BEGIN
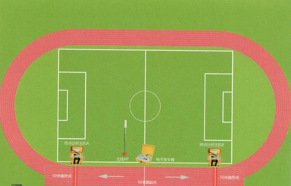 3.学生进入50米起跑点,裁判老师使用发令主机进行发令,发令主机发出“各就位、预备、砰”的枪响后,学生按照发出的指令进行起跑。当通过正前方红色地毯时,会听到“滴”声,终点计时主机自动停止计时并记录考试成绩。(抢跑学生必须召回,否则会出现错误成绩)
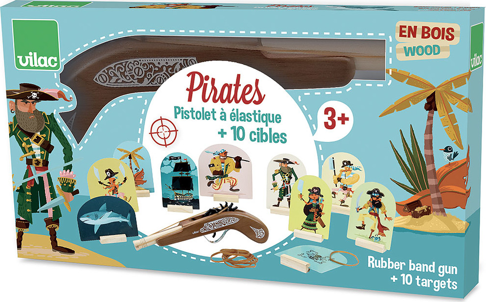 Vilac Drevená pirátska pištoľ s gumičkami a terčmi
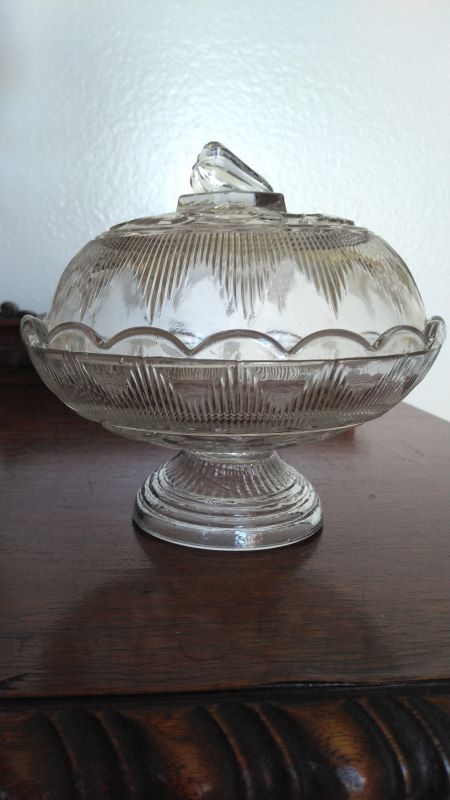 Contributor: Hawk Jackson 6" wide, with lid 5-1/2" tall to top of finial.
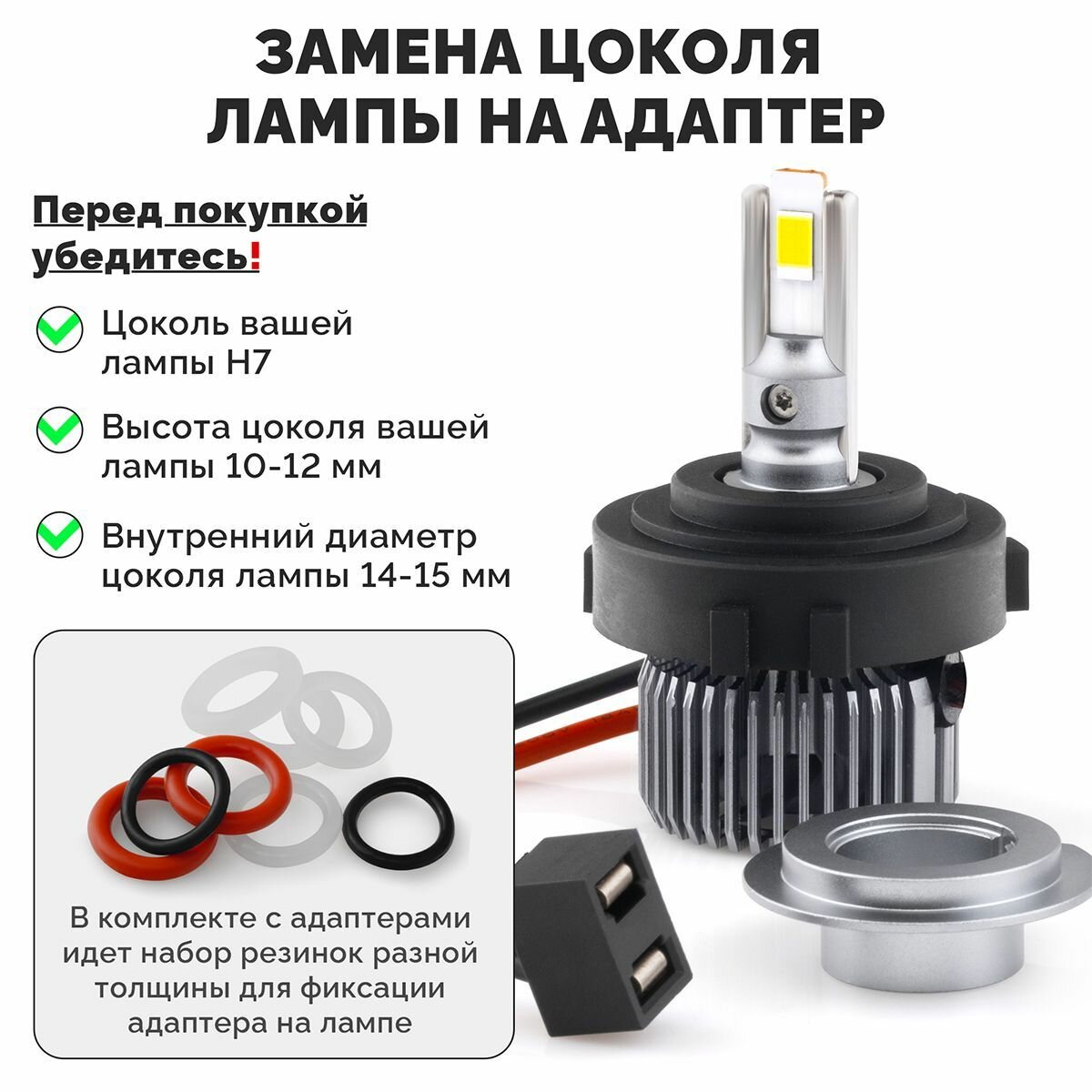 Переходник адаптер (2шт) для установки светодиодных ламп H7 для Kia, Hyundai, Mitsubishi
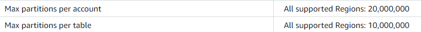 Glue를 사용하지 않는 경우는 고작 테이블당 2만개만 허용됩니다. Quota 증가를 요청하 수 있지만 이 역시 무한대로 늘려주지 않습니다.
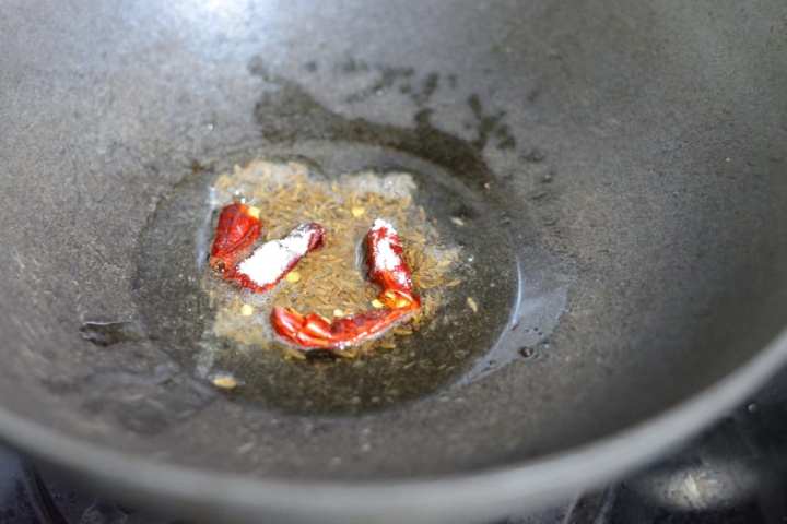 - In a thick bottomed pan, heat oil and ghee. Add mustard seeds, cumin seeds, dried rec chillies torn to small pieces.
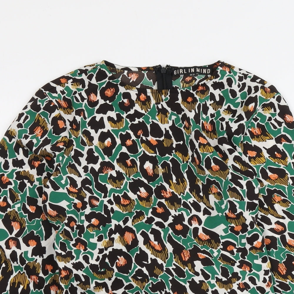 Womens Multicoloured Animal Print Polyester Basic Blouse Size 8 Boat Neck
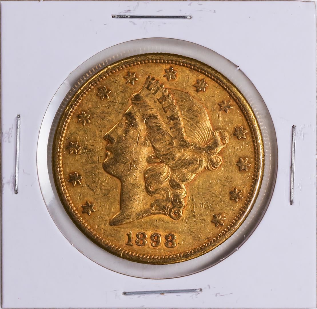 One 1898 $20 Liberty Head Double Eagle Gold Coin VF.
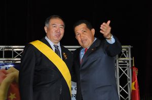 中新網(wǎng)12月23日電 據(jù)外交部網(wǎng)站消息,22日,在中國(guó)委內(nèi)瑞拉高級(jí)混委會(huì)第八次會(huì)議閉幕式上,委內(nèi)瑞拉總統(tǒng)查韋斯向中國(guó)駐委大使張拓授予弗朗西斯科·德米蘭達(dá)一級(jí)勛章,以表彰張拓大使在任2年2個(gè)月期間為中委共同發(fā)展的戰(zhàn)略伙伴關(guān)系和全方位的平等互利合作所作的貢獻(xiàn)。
END
> REQUIRED WORK
In the answer, retype exactly and only the lines from the one holding "Переходник адаптер (2шт)" through the end of the listing, keeping both ends and dropping every picture.

> ANSWER TO THE EXERCISE
 Переходник адаптер (2шт) для установки светодиодных ламп H7 для Kia, Hyundai, Mitsubishi
 Glue를 사용하지 않는 경우는 고작 테이블당 2만개만 허용됩니다. Quota 증가를 요청하 수 있지만 이 역시 무한대로 늘려주지 않습니다.
 - In a thick bottomed pan, heat oil and ghee. Add mustard seeds, cumin seeds, dried rec chillies torn to small pieces.
 Womens Multicoloured Animal Print Polyester Basic Blouse Size 8 Boat Neck
 One 1898 $20 Liberty Head Double Eagle Gold Coin VF.
 中新網(wǎng)12月23日電 據(jù)外交部網(wǎng)站消息,22日,在中國(guó)委內(nèi)瑞拉高級(jí)混委會(huì)第八次會(huì)議閉幕式上,委內(nèi)瑞拉總統(tǒng)查韋斯向中國(guó)駐委大使張拓授予弗朗西斯科·德米蘭達(dá)一級(jí)勛章,以表彰張拓大使在任2年2個(gè)月期間為中委共同發(fā)展的戰(zhàn)略伙伴關(guān)系和全方位的平等互利合作所作的貢獻(xiàn)。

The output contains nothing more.